Nowa szkoła, klasa, ludzie. Wszystko ok. Z nowa koleżanka z klasy spedziłam wczorajszy piatkowy wieczór. Ach... Jedno piwko, drugie, potem trzeba bylo to wytanczyc, bo głowek mocnych to my nie mamy. heh. Fajnie, bo akurat tanczyłam naprzeciwko stolika przy którym siedział chłopak któremu aktualnie sie podobam (on mi niekoniecznie) i chłopak któremu kiedys sie podobałam (on mi tez no ale...). Ciekawe czy sie jakos zgadali na ten temat. Hje hje.
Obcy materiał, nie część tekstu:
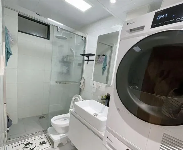 最让我惊讶的是卫生间!别看户型小,人家硬是塞进了洗衣机加烘干机的组合,还做了干湿分离!洗手台、马桶、淋浴隔断,该有的功能一样不少.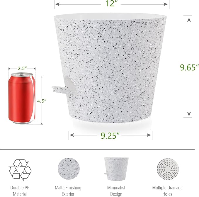 Self Watering Pots for Indoor Plants,12 inch Planters with Drainage Holes Plastic Flower Pots with Deep Reservoir, White Speckles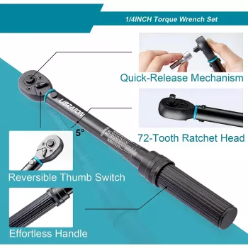 Bike Torque Wrench Set 1/4'' Drive, 5-25Nm, Hex & Torx Bit Sockets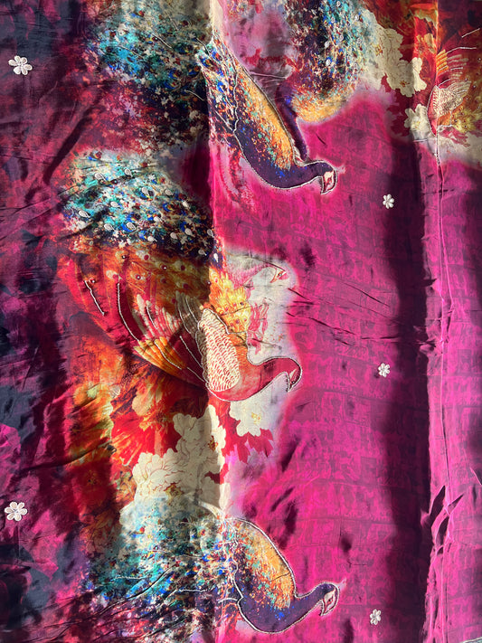 Pure Crepe Peacock Design Saree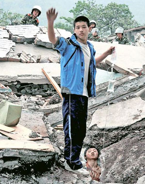 “你是我的好兄弟,我不想你死!”就是這一句生死誓約,北川中學(xué)高一(2)班的李陽(yáng)苦苦鼓勵(lì)他的同班同學(xué)廖波,并協(xié)助救援人員為廖波輸液,使廖波終于逃出生天。李陽(yáng)21日說(shuō),廖波的得救使他非常開(kāi)心,很掛念這個(gè)同學(xué)。
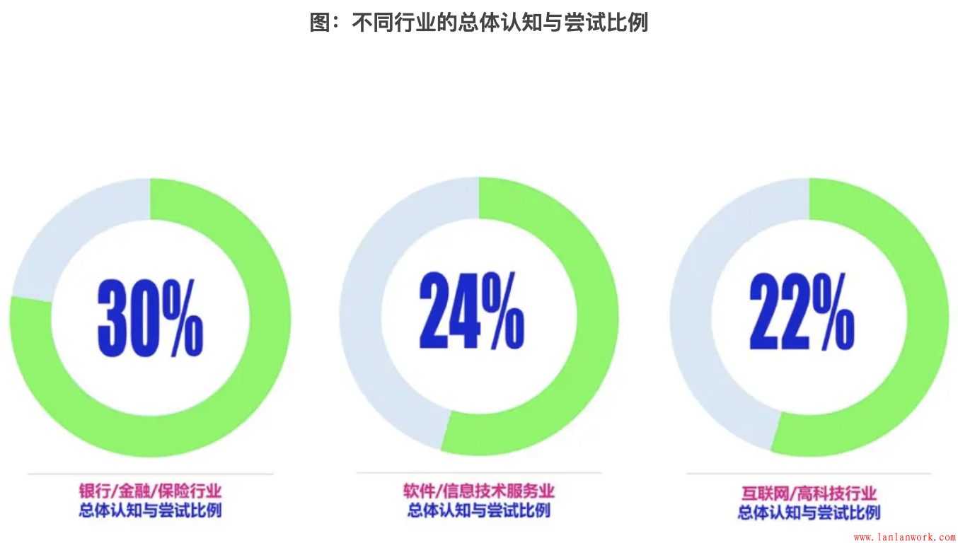 不同類型的企業,在客戶旅程的認知和應用程度上也表現出較大差異:2C企業的應用程度明顯高于2B類型的企業,總體認知和應用比例分別為30%和20%。大型企業也明顯高出中小型企業,分別為29%、22%和19%。客戶旅程是一個相對比較復雜的系統性方法,真正的應用需要人員、資金等各項資源的投入,大型企業更具備優勢。相比而言,小型企業的在。分行業來看,認知和應用程度最高是銀行/金融/保險行業(30%),一方面是由于這個行業的本身的客戶決策流程長、金額大、風險大,另外一方面也是由于這個行業的利潤較高,企業有相對較為充足的資源進行投入。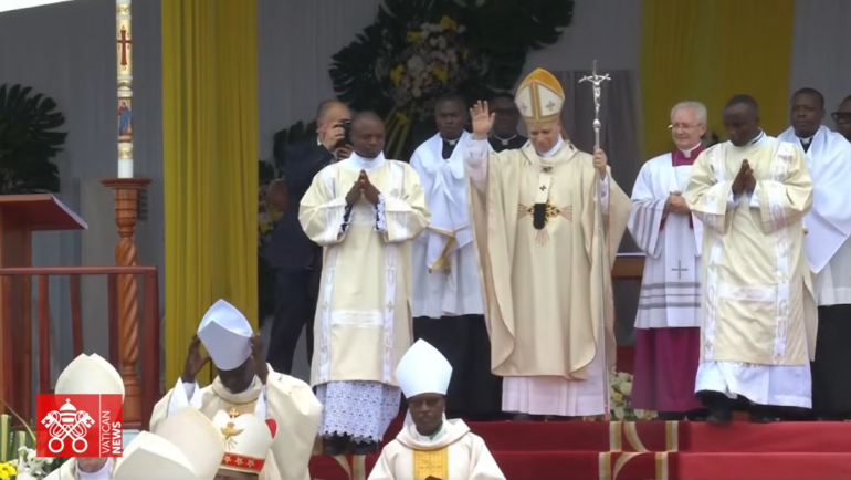 在牧灵访问喀麦隆的第三天,教宗良十四世乘坐专机前往该国的杜阿拉。随后,他在贾波马体育场主持弥撒,有12万信友参与。教宗在讲道指出如何回应物质与精神层面的饥饿,他还劝勉喀麦隆的青年不要灰心,却要“拒绝欺凌和暴力的一切形式,它们看似轻易可以捞到好处,实则使人变的心硬”。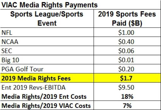 ViacomCBS去年在现场体育转播权购买上,花费了17亿美元。直播体育的媒体版权费用占到ViacomCBS 2019年娱乐内容总成本的18%,占ViacomCBS总费用的7%。ViacomCBS主要是在其CBS网上直播体育赛事,业内预测,它最有可能从NFL和NCAA重返赛场中受益。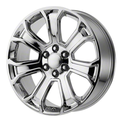 The 22x9 Performance Replicas PR166 Chrome 6-Lug Wheel; ; 24mm Offset has a chrome finish that is accomplished in a 3-step plating process that includes copper, nickel and chrome.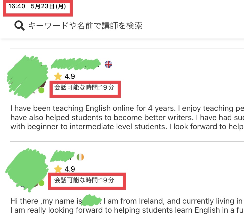 いつもどの講師にしようか迷っているうちに時間が過ぎてしまうので、実際には17:04とかに講師と繫って残り時間が25分しかないというようなこともあります。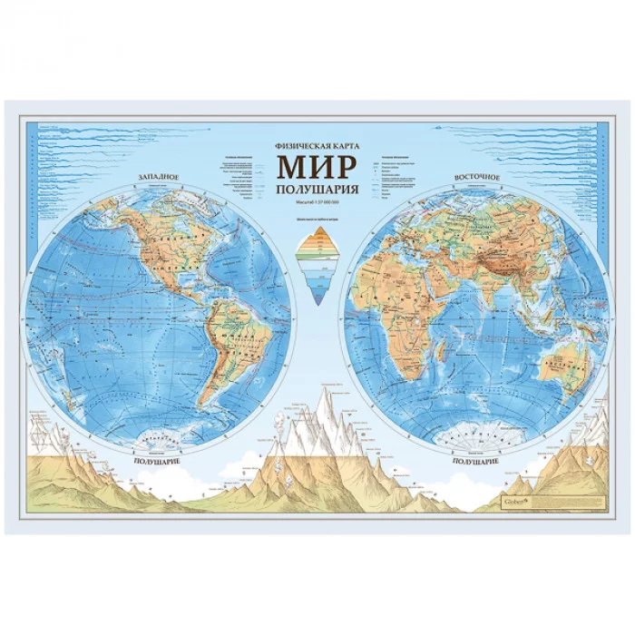 Карта Мира полушария физическая М1:37млн 101*69 ламин GLOBEN КН090 420439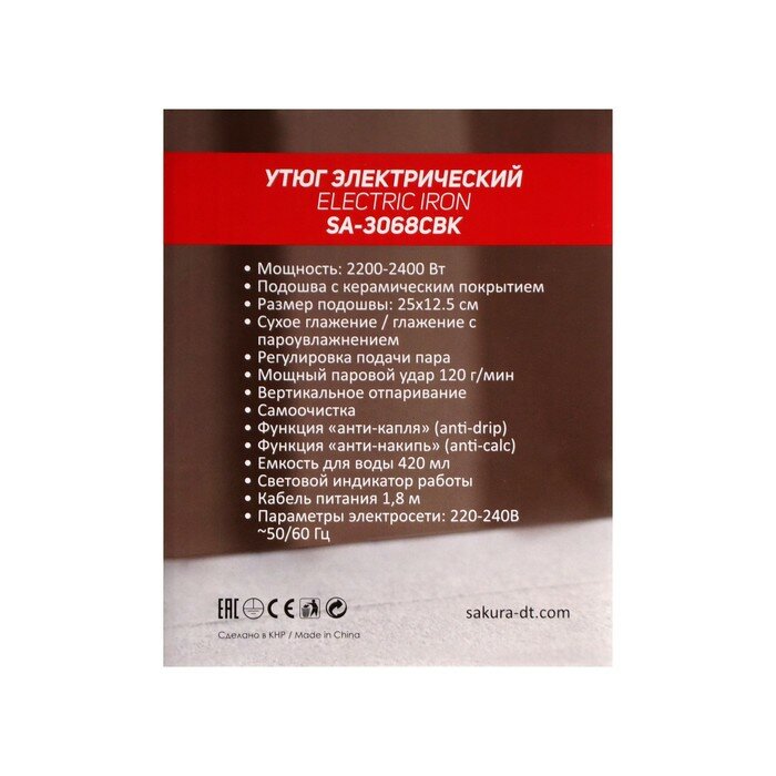 Утюг Sakura SA-3068CBK керамическая подошва, 2400Вт
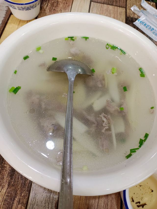 几丁不二也算是偶然吧,出差回来收到短信要求72小时内验核酸,不敢怠慢,赶紧找医院验。好多医院不能约当天,听说市八东风院区当天可验,就急忙打车过去了,检验很顺利,验完已到饭点。同事提议到粤北大厦吃,于是就走了过去。去到竟找不到饭馆门口,后问人才知道要从酒店门口进去坐电梯上四楼再走一层楼梯才能找到雄州土菜馆。菜馆不大,真有点快餐厅的感觉。 听说南雄过去即是湖南,饮食习惯跟湖南比较接近,吃辣比较厉害。果不其然,这里出品大部分都是辣菜。爆炒牛三宝香辣可口,十分开胃;油豆腐炒五花肉,油糯肥香辣口,十分下饭;淮山土猪汤,汤很稀,略有点肉骚味,问店家要点胡椒粉加进去,就好了很多。总的来说,这里食材还不错,辣的感觉跟湖南那边好像有点不一样,能吃辣的,不妨来试一下。
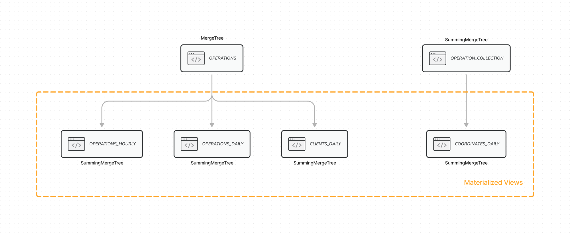 that are Materialized Views of the original operations table.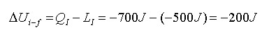 Primero podemos calcular la variación de energía interna cuando pasa del estado inicial y final para la primera evolución (que llamaremos camino I), ya que conocemos el trabajo y el calor intercambiados, recibe 500J de trabajo (LI = -500J) y libera 700J de calor (QI = -700J)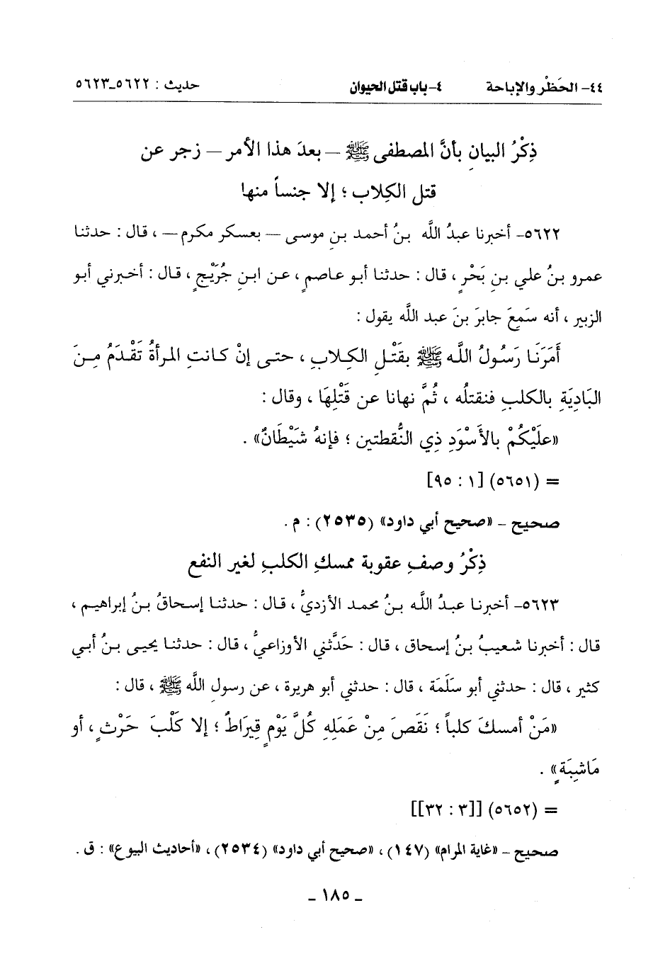 ذِكْرُ الْبَيَانِ بِأَنَّ الْمُصْطَفَى صَلَّى اللَّهُ عَلَيْهِ وَسَلَّمَ بَعْدَ هَذَا الْأَمْرِ زَجَرَ عَنْ قَتْلِ الْكِلَابِ إِلَّا جِنْسًا مِنْهَا

Mam teraz duzo nauki, ale to moze i dobrze bo nie mam czasu na rozmyslanie o Nim, i ogólnie o tym, czemu taka dziewczyna jak ja, nie moze sobie znalezc odpowiedniego faceta. Bardziej pożyteczne jest rozmyslanie zaletach i wadach bohaterów mitów, o koniunkcji, alternatywie, o wektorach i innych jakże potrzebnych w życiu sprawach. Narazie jest good bo dostałam juz dwie 5. jeaah...
Jak zwykle sama sciełam sobie włosy. Specjalnymi nożyczkami of kors. E moze byc. Chociaz chciałabym miec znów grzywke. Ale wiem jakie to niewygodne.
Nie zmyłam wczorajszego make-up'u. Oł noooł.